At the same time, in testimony to the House Financial Services Committee, Powell signaled no imminent change in the Fed’s ultra-low-interest rate policies.

The Fed chairman reiterated his long-held view that high inflation readings over the past several months have been driven largely by temporary factors, notably supply shortages and rising consumer demand as pandemic-related business restrictions are lifted.

Still, House members peppered Powell with questions about rising inflation in recent months, with some expressing concern that prices will continue to accelerate. The Fed chair replied that the central bank would not respond to short-term price spikes by raising rates and risk weakening the economic recovery.

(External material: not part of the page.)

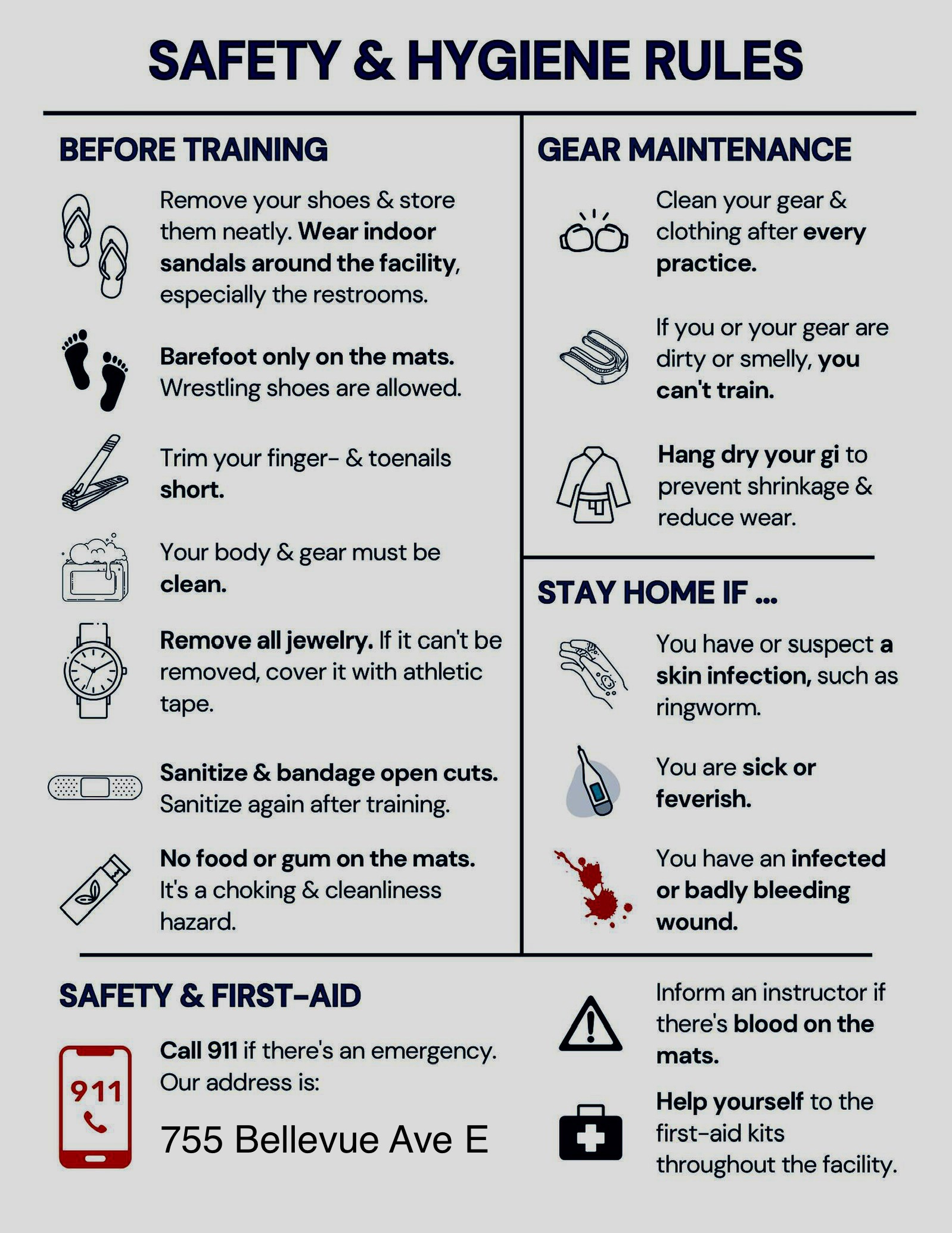 Please take the time to review our Gym Rules and Code of Conduct documents before coming to train. If you have questions, check out our FAQs and feel free to contact us!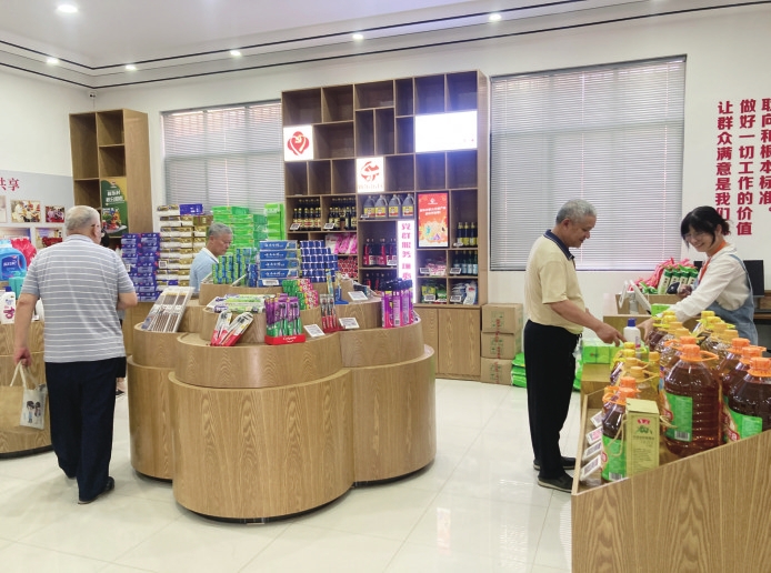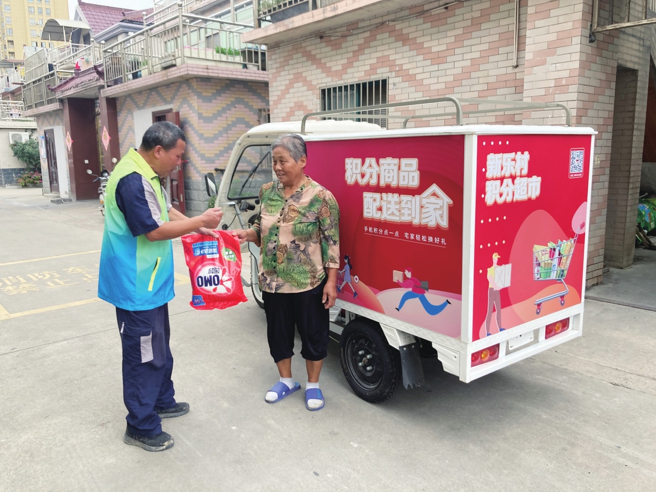 “我换油”“我要牛奶”……上午九点,新乐村的积分超市一开门就热闹起来,超市货架上整齐摆放着大米、食用油、洗衣液等日用品,每件商品下都标注着不同的积分数额,村民带着“积分”前来挑选货架上的商品。在新乐村,积分除了买东西,还能兑换全屋保洁、家电维修、课程培训等。

“By inflation, we mean year after year after year prices go up,” Powell said. “If something is a one-time price increase… you wouldn’t react to something that is likely to go away.”

“We really do believe,” he added, “that these things will come down of their own accord.”

Powell’s remarks coincided with rising concerns, among economists as well as ordinary households, that intensifying inflation pressures are creating a burden for many people and posing a potential threat to the recovery from the pandemic recession.

On Wednesday, the government reported that wholesale prices, which businesses pay, jumped 7.3% in June from a year earlier. It was the fastest such 12-month increase on records dating to 2010.

And on Tuesday, the government said that prices paid by U.S. consumers surged in June by the most in 13 years. It was the third straight month that consumer inflation has jumped.